RESULTS: A total of 226 magnetic resonance images from 112 (49.56%) men and 114 (50.44%) women, aged 22-93 (54.68 ± 19.52) years. The age ranges of the seven groups consisted of the following: 20-29 years (n = 33), 30-39 years (n = 32), 40-49 years (n = 32), 50-59 years (n = 31), 60-69 years (n = 35), 70-79 years (n = 33) and ≥80 years (n = 30). The age range and numbers of patients in the young and middle-aged group was 22-59 (40.09 ± 10.88) years (n = 128) and in the elderly group was 60-93 (73.74 ± 8.99) years (n = 98). The MRI findings characteristic of aging included pancreatic atrophy (especially of the pancreatic tail), pancreatic lobulation, uneven signal intensity, fatty degeneration, and widening of the main pancreatic duct. The respective anteroposterior diameters of the pancreatic head, body, and tail and the pancreatic volumes peaked at 30 to 39 years as follows: 28.03 ± 4.45 mm, 24.10 ± 4.27 mm, 24.57 ± 4.94 mm, 98.54 ± 26.56 cm3; and then gradually decreased to 19.05 ± 3.59 mm, 16.00 ± 3.81 mm, 13.83 ± 3.39 mm, 45.02 ± 9.15 cm3 at ≥80 years, for respective decreases of 32.03%, 33.60%, 43.71%, and 54.31%. The respective anteroposterior diameters of the pancreatic head, body, tail, and pancreatic volume in the elderly patients were 21.45 ± 4.15 mm, 18.14 ± 4.09 mm, 16.81 ± 4.37 mm, and 59.02 ± 21.44 cm3, which were significantly smaller than the respective corresponding measurements in the young and middle-aged patients (26.09 ± 4.40 mm, 22.30 ± 4.42 mm, 22.08 ± 4.53 mm, and 88.32 ± 23.92 cm3). The differences were statistically significant (t = 8.06, 7.24, 8.79, 9.54, respectively, p < 0.001). The anteroposterior diameters of the pancreatic head, body, tail, and pancreatic volume were negatively correlated with age (r = -0.53, -0.47, -0.56, -0.57, respectively, p < 0.001).
CONCLUSION: The anteroposterior diameters of the pancreatic head, body, tail, and the pancreatic volume all peaked at the age range of 30-39 years and then gradually decreased with increasing age. After the age of 60 years, pancreatic atrophy became increasingly obvious, with changes in shape and widening with age of the main pancreatic duct.

INTRODUCTION

The morphology of organs is based on function. The deterioration of organ function associated with aging can be understood by exploring age‐related morphological and structural changes.

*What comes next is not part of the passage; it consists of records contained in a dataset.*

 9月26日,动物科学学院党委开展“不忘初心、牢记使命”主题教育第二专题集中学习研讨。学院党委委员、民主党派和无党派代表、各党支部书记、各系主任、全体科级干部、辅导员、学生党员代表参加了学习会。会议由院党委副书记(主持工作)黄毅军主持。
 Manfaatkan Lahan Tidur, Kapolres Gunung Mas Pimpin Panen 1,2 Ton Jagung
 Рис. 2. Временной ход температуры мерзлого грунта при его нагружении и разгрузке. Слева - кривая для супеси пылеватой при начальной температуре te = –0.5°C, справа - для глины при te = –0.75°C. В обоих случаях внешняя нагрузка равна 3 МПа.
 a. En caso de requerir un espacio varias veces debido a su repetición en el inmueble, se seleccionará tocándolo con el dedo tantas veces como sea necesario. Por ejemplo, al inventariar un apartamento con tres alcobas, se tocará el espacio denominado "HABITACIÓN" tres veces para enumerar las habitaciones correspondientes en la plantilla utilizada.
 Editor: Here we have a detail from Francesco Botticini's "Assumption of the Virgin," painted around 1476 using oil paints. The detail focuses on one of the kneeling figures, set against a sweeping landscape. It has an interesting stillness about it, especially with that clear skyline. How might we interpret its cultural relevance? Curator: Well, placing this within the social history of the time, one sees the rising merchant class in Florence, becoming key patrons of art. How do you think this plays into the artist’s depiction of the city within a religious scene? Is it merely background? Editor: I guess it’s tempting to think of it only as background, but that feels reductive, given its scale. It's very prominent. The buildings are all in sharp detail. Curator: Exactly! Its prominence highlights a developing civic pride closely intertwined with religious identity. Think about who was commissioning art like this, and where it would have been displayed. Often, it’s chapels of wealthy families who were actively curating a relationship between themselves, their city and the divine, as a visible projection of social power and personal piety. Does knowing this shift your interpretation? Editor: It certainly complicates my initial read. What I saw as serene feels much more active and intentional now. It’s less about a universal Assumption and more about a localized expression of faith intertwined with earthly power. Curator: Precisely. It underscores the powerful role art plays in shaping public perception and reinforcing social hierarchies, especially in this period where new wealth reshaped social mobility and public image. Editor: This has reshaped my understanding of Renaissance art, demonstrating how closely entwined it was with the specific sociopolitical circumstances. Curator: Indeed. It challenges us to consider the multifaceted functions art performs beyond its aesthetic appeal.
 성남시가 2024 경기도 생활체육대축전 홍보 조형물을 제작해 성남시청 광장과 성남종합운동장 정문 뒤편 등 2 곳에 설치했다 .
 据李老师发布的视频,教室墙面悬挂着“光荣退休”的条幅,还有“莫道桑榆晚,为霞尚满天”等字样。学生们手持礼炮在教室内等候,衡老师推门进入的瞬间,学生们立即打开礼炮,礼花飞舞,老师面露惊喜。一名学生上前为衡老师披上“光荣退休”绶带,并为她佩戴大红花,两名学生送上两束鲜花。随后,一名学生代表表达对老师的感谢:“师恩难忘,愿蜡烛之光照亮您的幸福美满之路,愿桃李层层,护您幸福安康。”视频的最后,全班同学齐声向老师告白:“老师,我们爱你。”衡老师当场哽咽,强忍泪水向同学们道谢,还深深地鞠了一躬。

The pancreas is an essential organ that has both internal and external secretory functions. Understanding the patterns of aged‐related changes in the morphological features and functions of the pancreas can clarify the pathogenesis of pancreatic diseases in the elderly and enable their prevention. This study analyzed the MRI images of the pancreases of 226 normal Chinese participants to reveal the age‐related morphological changes of the pancreas.

METHODS

Inclusion criteria

We retrospectively examined the records of 226 adults who underwent upper abdominal MRI between 2017 and 2020. Participants who satisfied the following criteria were included: (1) good general condition and without active systemic diseases; (2) no history of pancreatic diseases (acute pancreatitis, chronic pancreatitis, and pancreatic tumor) or diabetes; (3) no history of systemic diseases involving the pancreas; (4) normal blood biochemical indicators (such as alanine aminotransferase, aspartate aminotransferase, blood glucose, and amylase); (5) normal body mass index (BMI); (6) normal pancreatic MRI scans.

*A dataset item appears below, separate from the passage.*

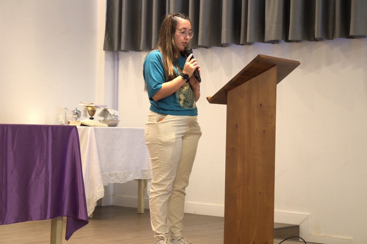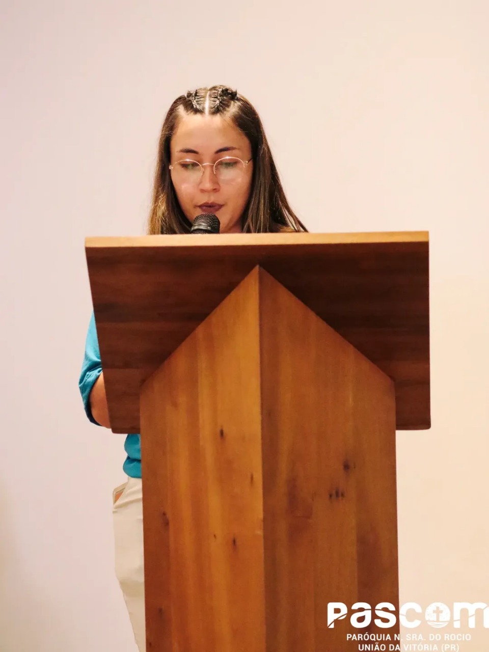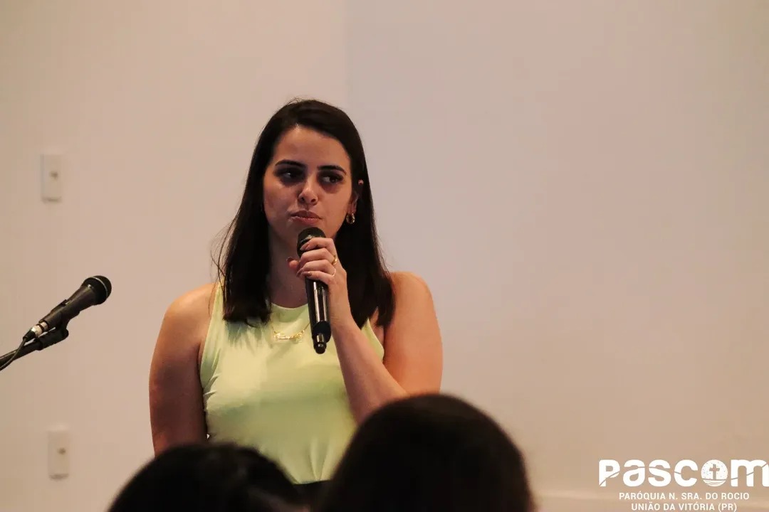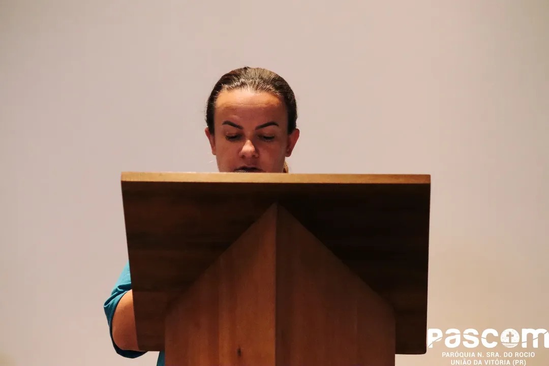 A acolhida foi conduzida por Eduarda Parastchuk, do Setor de Comunicação da Diocese, que deu as boas-vindas aos presentes, invocando a presença do Espírito Santo por meio da Oração do Espírito Santo. Em seguida, junto à Irmã Maria de Fátima, da Paróquia São João Batista, conduziu um breve momento de animação e integração entre os participantes.
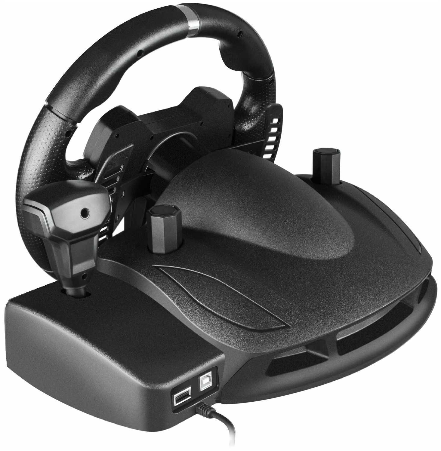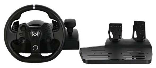 - + У руля есть вибро отдача хотя она не сильная но чувствуется, большой плюс на руле есть стики как на геймпаде,удобно управлять ими,да и крестовина и остальные кнопки тоже норм и функциональные.На вид руль не плох, есть КПП и педали.Ну и цена приятная.

Distribution of participants and research contents

The participants were divided according to age broken down by decades into the seven following groups: 20–29 years (n = 33), 30–39 years (n = 32), 40–49 years (n = 32), 50–59 years (n = 31), 60–69 years (n = 35), 70–79 years (n = 33), and ≥80 years (n = 30). They were further divided into a young and middle‐aged group (<60 years of age) and an elderly group (≥ 60 years of age). The general morphological characteristics of the pancreas in the pancreatic MRI of the participants in each group were observed. The differences between the pancreatic volumes and anteroposterior diameters of the pancreatic head, body, and tail of each group and their relationships with age were analyzed. This study was approved by Ethics Committee of Huadong Hospital (Ethics Committee Number: 2020K091).

MRI technique

MRI was performed by the Siemens Magnetom Trio 3.0T system. Each participant was in the supine position during the routine MRI examination of the upper abdomen and was scanned from head to foot. The MRI protocol included in‐phase and opposed‐phase T1‐weighted fast spoiled gradient‐echo imaging (FSPGRI) and fat‐saturated T2‐weighted fast spin echo imaging (FSEI); (T1WI:repetition/echo time (TR/TE)) = 220–350/5.1–7 ms; T2WI:TR/TE = 1600/70 ms; slice thickness, 6 mm; interslice gap, 1.0 mm; matrix, 256×256, field of view (FOV), 300–380 mm). Magnetic resonance cholangiopancreatographic (MRCP) used 3D fast spin echo sequence, TR 3529.00 ms, TE 558.96 ms. Opposed‐phase T1 weighted sequence images and MRCP images were selected for analysis and processing in this study.

Image analysis

Clinical Mimics 20.0 software was used retrospectively to observe and analyze the collected MRI images. The anteroposterior diameters of the head, body, and tail of the pancreas were measured and recorded. The three‐dimensional reconstruction function was used to reconstruct the pancreas in order to calculate the pancreatic volume. Two radiologists with 20 years and 5 years of experience in abdominal MRI performed the qualitative and quantitative analyses and obtained decisions by consensus.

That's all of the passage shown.